Lalu Jh-Kyung mendapat ilham, ia berteriak tiba2 di bis, membuat semua penumpang kaget, ya! benar..kenapa aku tidak memikirkan ini sebelumnya?

JH-Kyung telp ke Scheduler. Scheduler kesal, Shin Ji Hyun, kau! meskipun kau hidup, IQ-mu hanya setinggi ini..
Scheduler : Aku sibuk! Kenapa?
JH-Kyung tanya apa telp ini..ponsel yang kau berikan padaku..apa juga bisa untuk telp orang di dunia ini?

Scheduler : Kau belum pernah menggunakannya sama sekali? Ah membuatku frustrasi saja! Aku tutup!
Jh-Kyung terbelalak, ini bukan hanya untuk mengirim pesan ke Scheduler?

Jh-Kyung langsung mulai telp ke teman2 Shin Ji Hyun dan membuat janji untuk membicarakan kecelakaan Shin ji Hyun.

Jh-Kyung ngobrol di jalan, ia tidak melihat ibu kost ada di belakangnya.
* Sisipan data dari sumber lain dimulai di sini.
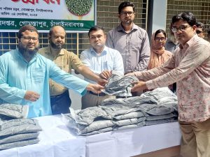চাঁপাইনবাবগঞ্জ প্রতিনিধি : চাঁপাইনবাবগঞ্জের গোমস্তাপুর উপজেলায় চলতি অর্থবছরের খরিপ মৌসুমে কৃষি প্রণোদনা কর্মসূচির আওতায় ক্ষুদ্র ও প্রান্তিক কৃষকদের মধ্যে বিনামূল্যে মাসকলাই বীজ ও রাসায়নিক সার বিতরণ করা হয়েছে।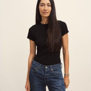 Cut from a heavyweight 310 GSM cotton, this slightly oversized, boxy crewneck tee has a straight hemline that hits right at your natural waist. Double-washed for a soft, smooth texture and consistent fit.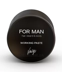 Паста Vitality's For Man Working Paste, що матує, ущільнює текстуру волосся завдяки вмісту карнаубського воску. Легка фіксація дає можливість кілька разів змінювати форму зачіски. Паста, що моделює, створює матовий ефект і підходить для всіх типів волосся. Рекомендується для створення креативних укладок.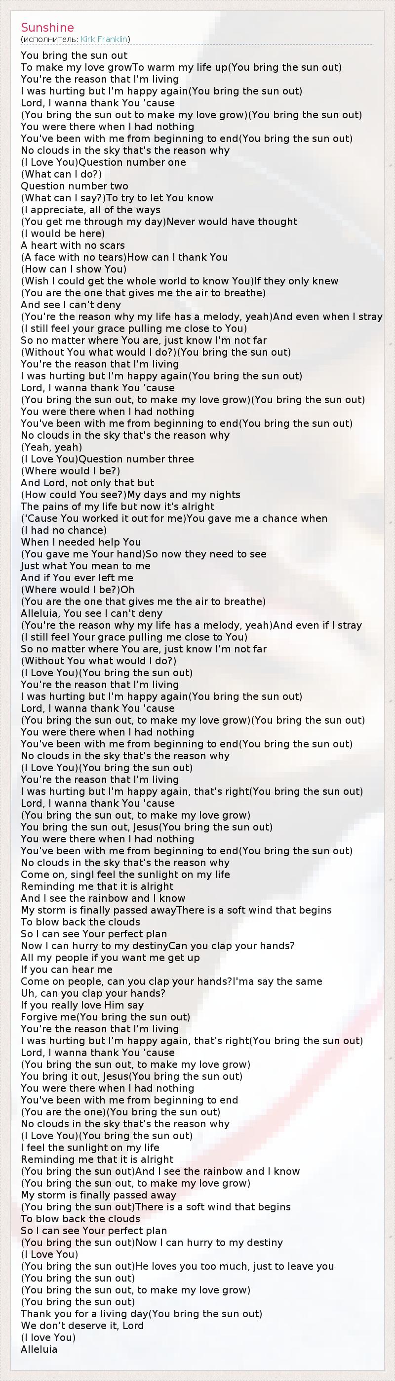 Это интересно:“У меня нет фанатов, у меня есть друзья. Когда вы смотрите на фэнов, как на друзей, тогда каждый объединяется для одной цели, которой является прославление”.Кирк Франклин для CNN Теплой ночью 1973-го года в дверь дома 64-хлетней Гертруды Франклин постучалась ее племянница, с которой был ребенок трехлетнего возраста. Девушка была взволнована и передала своей тете малыша, а затем... продолжение
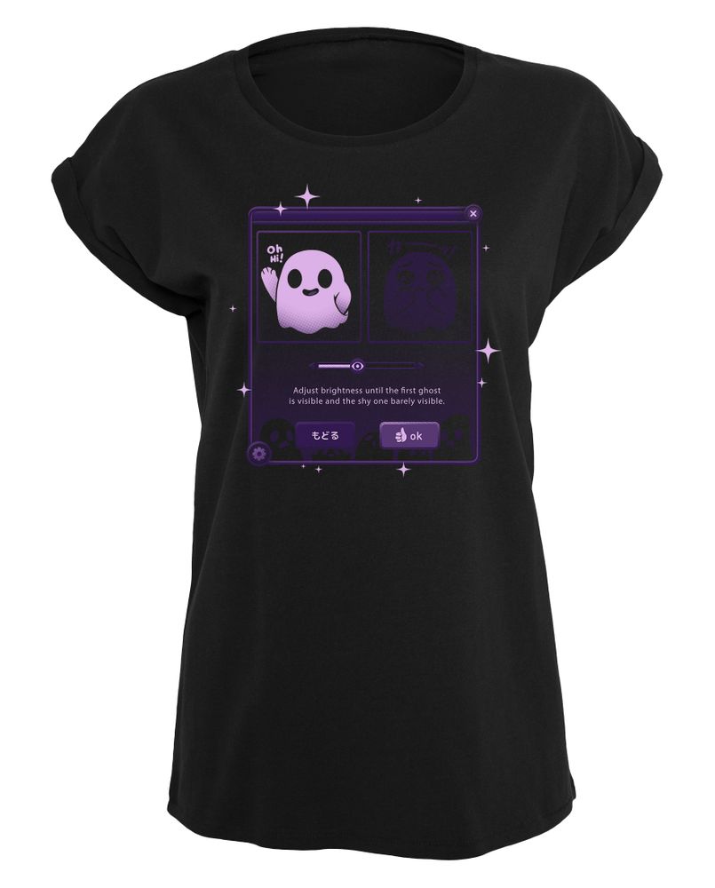 Das Shirt zeigt einen freundlichen Geist und einen schüchternen Geist, der nach Höherstellen der Helligkeit sichtbar werden würde.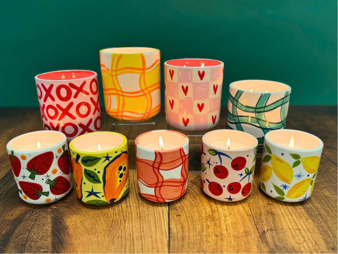 Once your painted piece is finished, you can complete the candle pour at any Candle Chemistry location.

Ibu Kost yakin itu Song Yi Kyung, ia segera teriak, Nona!'
JH-Kyung menoleh dan kaget melihat ibu kost, ia lari ke apartemen.

Jh-Kyung langsung ganti baju, mengikat rambut dan berbaring.
Ji Hyun keluar dari tubuh Yi Kyung. Lalu duduk di sudut, ia gelisah menunggu Yi Kyung bangun, terdengar gedoran di pintu. Nona!

Yi Kyung terbangun dan membuka pintu, disaat ibu kost hampir membukanya sendiri. Yi Kyung heran, ada apa?
Ibu kost berkata kalau hari ini Yi Kyung harus bayar sewa kontrakan. Kenapa kau melarikan diri dariku?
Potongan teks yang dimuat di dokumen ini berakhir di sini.